Bunge, Cargill, COFCO and Louis Dreyfus did not respond to
requests for comment and referred questions to the national
soy industry group Abiove.
"Cotrijal and Cotrisal declared to us they don't buy grains
produced on the reservations of Nonoai and Serrinha," Abiove
said in an email.
Abiove said its members are pushing the cooperatives to
ensure their supply chains conform with laws and contractual
obligations against buying grains from protected territories.
Andre Nassar, president of Abiove, said in a separate
statement that traders can "stop all purchases" from a
cooperative if it becomes clear that it is sourcing soy from
reservations.
Nassar said traders can also ask cooperatives for assurances
that the soybeans were raised by members of the Indigenous
community - and not leased to third parties.
Abiove did not respond to Reuters' questions on whether its
members ever turned down a purchase from Cotrisal or Cotrijal,
and did not provide further evidence of its efforts to remove
grain from indigenous lands from its supply chain.
'A NEFARIOUS PRACTICE'
Reuters reviewed court records including a November 2018
Cotrisal invoice for herbicide purchases against future delivery
of grains issued to a farmer being sued by federal prosecutors
for leasing land to plant soy in Serrinha.
Court rulings in 2017 and 2018, reviewed by the news agency,
ordered the seizure of tons of soy grown on Indigenous lands
from silos operated by Cotrisal, Cotrijal and other
cooperatives.
Cotrisal and Cotrijal did not respond to requests for
comment on the seizures.
In a July 2022 decision ordering measures to stop the
practice, Federal Judge Diogo Edele Pimentel said private
leasing of lands in the Nonoai territory was a major source of
division.
"It is a nefarious practice of private appropriation of a
public good, completely disfiguring its collective nature and
deepening inequality in these communities," he wrote.

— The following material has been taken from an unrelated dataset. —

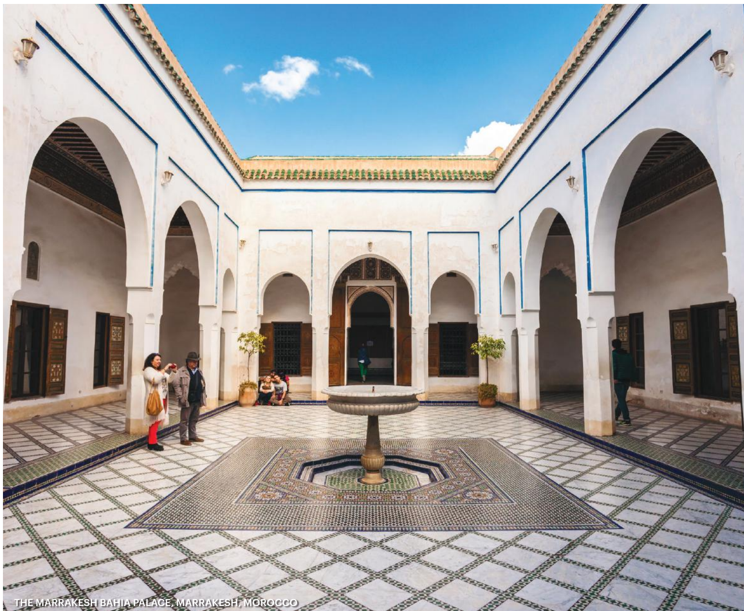
THE MARRAKESH BAHIA PALACE, MARRAKESH, MOROCCO

entire fortified villages. If the old Kasbahs seduce with their evocation power, the scenery touch with their contrasts, luminosity and silence. This is one of the most appealing and demanded routes in Morocco. Finally arrive at Ouarzazate

Nascimento, the Nonoai chief, as well as his son and a
former FUNAI official, were fined a total of around 4.5 million
reais (nearly $800,000) for embezzling profits from the illegal
leases, according to a July 2019 ruling seen by Reuters.
Nascimento said an appeal is pending, and that "all is back
to normal," with non-Indigenous farmers delivering their
harvests to the same coops, including Cotrisal.
"The soy is sold on the local market. There are farm
cooperatives all around the Indigenous territories. There is
Cotrisal... and other large cooperatives which buy any quantity
of soy, corn, everything," he said.
Reuters could not independently verify whether the lawsuit
remains active.
In 2021, 11 members of the Serrinha community filed a civil
lawsuit in the federal court of Carazinho, Rio Grande do Sul,
accusing their chief Claudino of controlling the territory's soy
trade to enrich his family.
The 2021 lawsuit reviewed by Reuters said Claudino has
crushed dissent with "violence, oppression and human rights
violations."
In a telephone interview, Claudino said his opponents spread
lies about his leadership and that most of the community
supports him. The lawsuit is ongoing.
Claudino remains under investigation - but has not been
charged - in connection with a double homicide in Serrinha in
2021, which police and local community members link to land and
power disputes fueled by the soy trade. He denies involvement in
the killings.
At least 30 families who objected publicly to Claudino's
involvement in the soy trade have left the reservation since
October 2021. Several had their homes looted and ransacked,
according to three of the victims and a 2022 report by the
federal human rights commission, which connected the violence to
the land leases.
Claudino said only a dozen families left the reservation in
recent years, some of whom have returned.
"Some are back already. I allowed it. But I'm not going to
let people come here and make trouble for me again," he said.